Battery degradation is directly influenced by charging habits — specifically how often you charge to 100%, how frequently you use DC fast charging, and how often you deplete below 10%. These are the same habits that also affect your cost per km, which means good charging discipline protects both your wallet and your battery simultaneously.
Real data benchmark: we previously published data from three tracked cars showing degradation of 3.5% at 66,000 km (mostly AC charging), 7.8% at 60,000 km (12% DC), and 9.6% at 244,000 km (100% AC). The pattern is consistent — DC-heavy charging correlates with faster degradation, especially in younger batteries.
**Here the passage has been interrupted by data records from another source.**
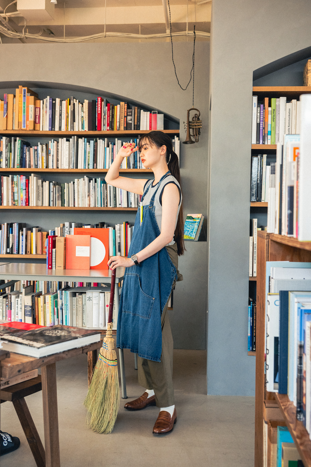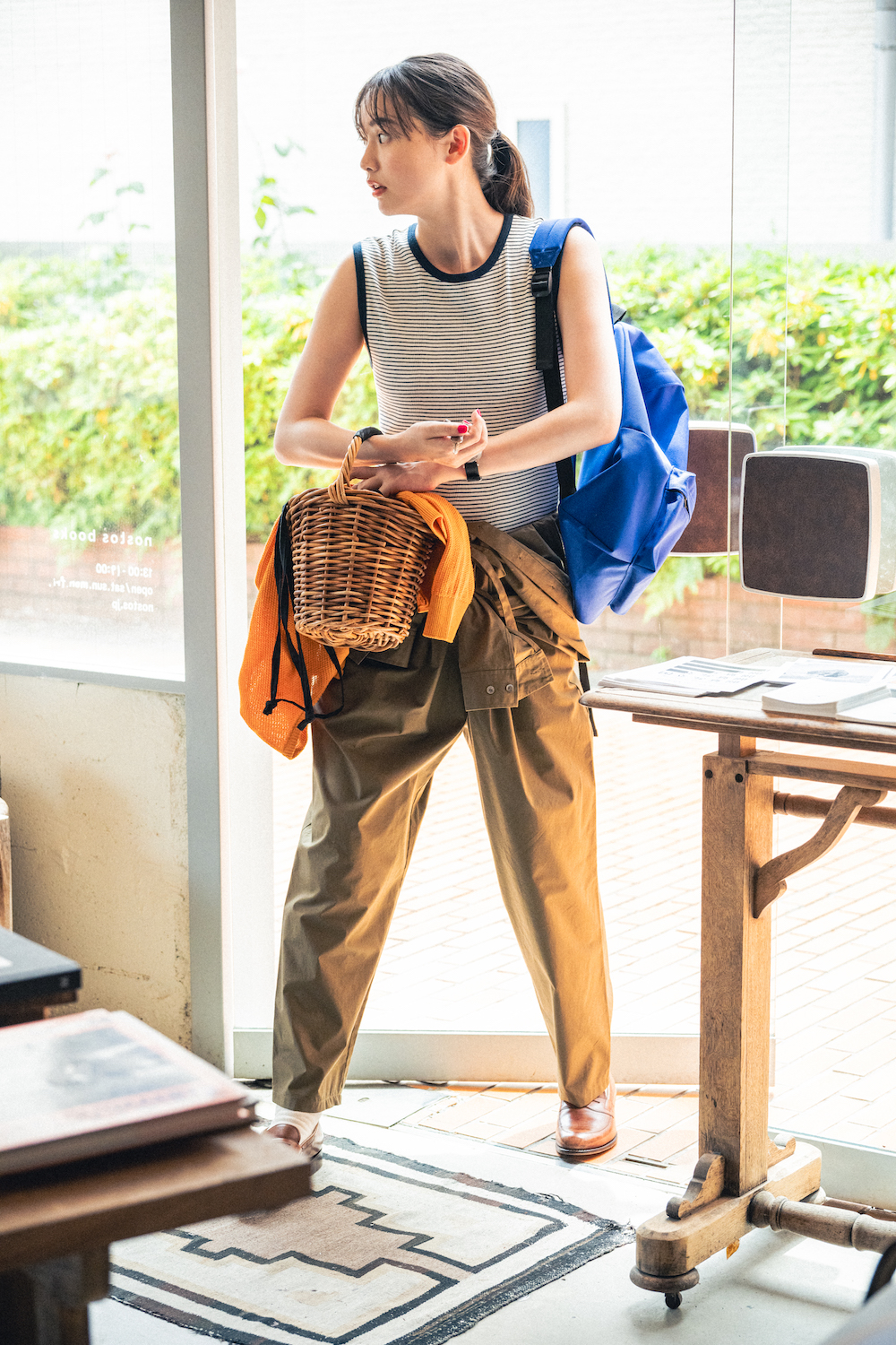 今日は本屋でお仕事。出勤してまずはお掃除から。ジャンプスーツの袖部分を腰に巻くアレンジ術は、簡単なのにこなれ感が漂うし、夜風や冷房などで寒いと感じた時はいつも通り袖を通せば体温調節もできておすすめです。真夏はボーダーのノースリーブと一緒に、ヘルシーに着こなしましょう。時計やカゴバッグで品を添えて。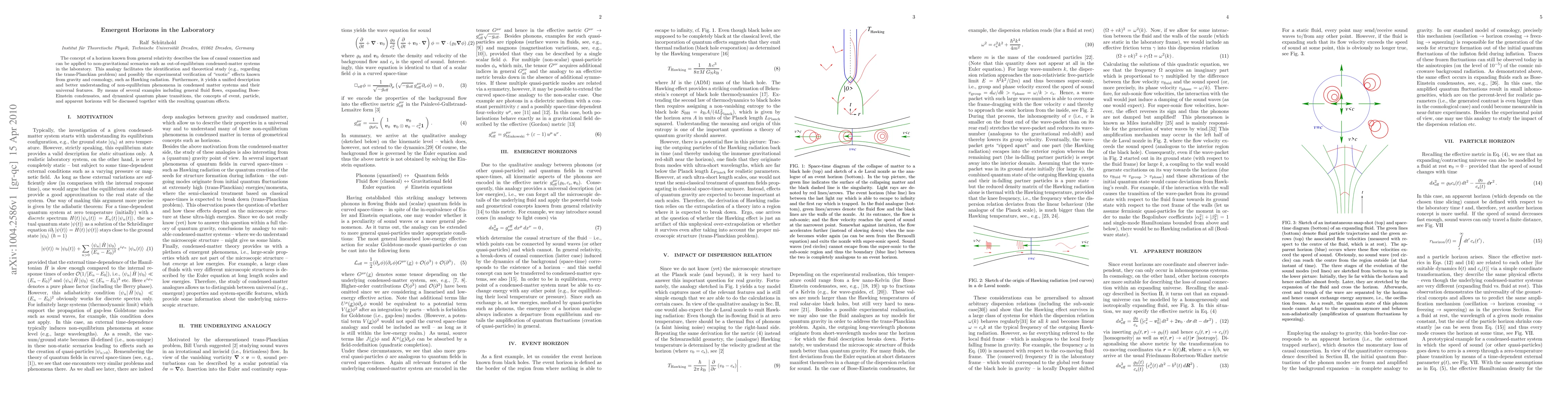 The concept of a horizon known from general relativity describes the loss of causal connection and can be applied to non-gravitational scenarios such as out-of-equilibrium condensed-matter systems in the laboratory. This analogy facilitates the identification and theoretical study (e.g., regarding the trans-Planckian problem) and possibly the experimental verification of "exotic" effects known from gravity and cosmology, such as Hawking radiation. Furthermore, it yields a unified description and better understanding of non-equilibrium phenomena in condensed matter systems and their universal features. By means of several examples including general fluid flows, expanding Bose-Einstein condensates, and dynamical quantum phase transitions, the concepts of event, particle, and apparent horizons will be discussed together with the resulting quantum effects.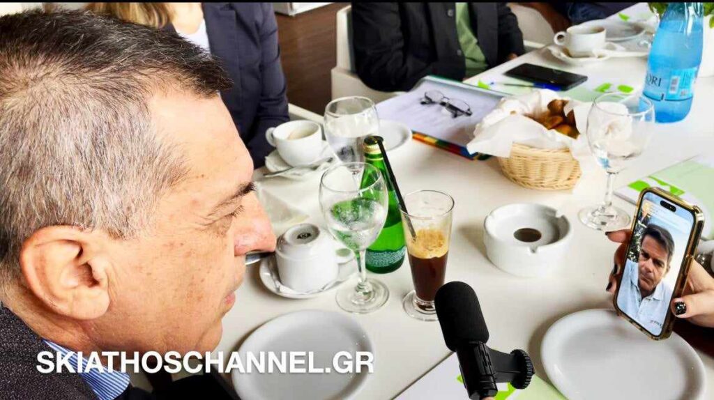 Στην σύσκεψη συμμετείχε μέσω τηλεδιάσκεψης (Skype) και ο πρόεδρος της Ένωσης Ξενοδόχων Σκιάθου, κ. Άκης Τσαρούχης -που βρίσκεται εκτός Ελλάδος για επαγγελματικούς λόγους- προσφέροντας τη δική του οπτική για την τουριστική αναβάθμιση του νησιού και τις ανάγκες των Ξενοδόχων.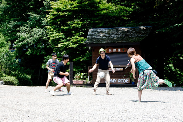 嵐も無事過ぎ去り、天気は良好。待ち時間に念願?のドッチボールをしました。(↓撮影:morldさん)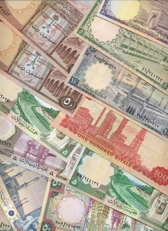 Saudi Arabian Monetary Agency, a set of the Law of AH1379 (1968) issue comprising 1 Riyal, purple; 5 Riyals, green; 10 Riyals, grey; 50 Riyals (2), brown; 100 Riyals, red; also a set of the Law of AH1379 (1977) issue all with King Faisal at right comprising 1 Riyal, red-brown; 5 Riyals (2), green, incorrect and corrected text; 10 Riyals, lilac; 50 Riyals, green and purple; 100 Riyals (2), blue and purple

5. What does your Tesla track: your monthly savings vs petrol
This is the metric that makes EV ownership feel real rather than theoretical. Most Tesla owners know abstractly that electric is cheaper — but seeing the exact euro amount saved each month, compared to a petrol equivalent doing the same journeys, is genuinely motivating.
Based on my 5.86 MWh charged at a blended rate of 1.05 RON/kWh, my total charging cost over the tracked period was 6,178 RON. A petrol car doing equivalent mileage at 7L/100km and 7.5 RON/litre would have cost approximately 15,750 RON in fuel alone — before adding service costs.
The saving: over the same period, I saved approximately 9,570 RON (~€1,914) in fuel costs alone compared to a petrol equivalent. That’s before factoring in the lower maintenance costs of an EV.
What does your Tesla track? How to see all 5 metrics live
None of these metrics are visible in the Tesla app or on the car’s dashboard. Tesla collects the raw data but doesn’t surface it in a way that’s useful for tracking real costs and habits.
Voltayze connects to your Tesla via the official Tesla API and turns this raw data into a live dashboard showing all five metrics — updated automatically after every charge and every trip.
- Real cost per km — from actual charge session data
- DC vs AC split — with exact cost breakdown per kWh
- Charging time analysis — AC vs DC duration tracking
- Battery health — degradation curve over mileage and time
- Monthly savings — vs a petrol equivalent, in your currency
Try it free: Voltayze gives you a 30-day free trial — no credit card required. Connect your Tesla and within 24 hours you’ll have all 5 metrics tracked and visible.
Frequently asked questions
Is it safe to connect Voltayze to my Tesla?
Yes — Voltayze connects via the official Tesla API using read-only access. It can read your car’s data but cannot control anything. The same API is used by dozens of trusted third-party Tesla apps.
Does Voltayze work for all Tesla models?
Yes — Model 3, Model Y, Model S and Model X are all supported. The charging stats, battery health tracking and cost calculations work across all models.
How accurate is the cost per km calculation?
Very accurate — it’s calculated from your actual charge sessions, not estimates. You input your home electricity tariff and Voltayze calculates the real cost of each AC session. DC sessions are logged with the actual cost charged by the Supercharger network.
What if I charge at multiple locations with different tariffs?
Voltayze lets you set your home AC tariff manually. DC costs are tracked from actual session data. If you charge at work or at destination chargers with different rates, you can configure these separately for accurate tracking.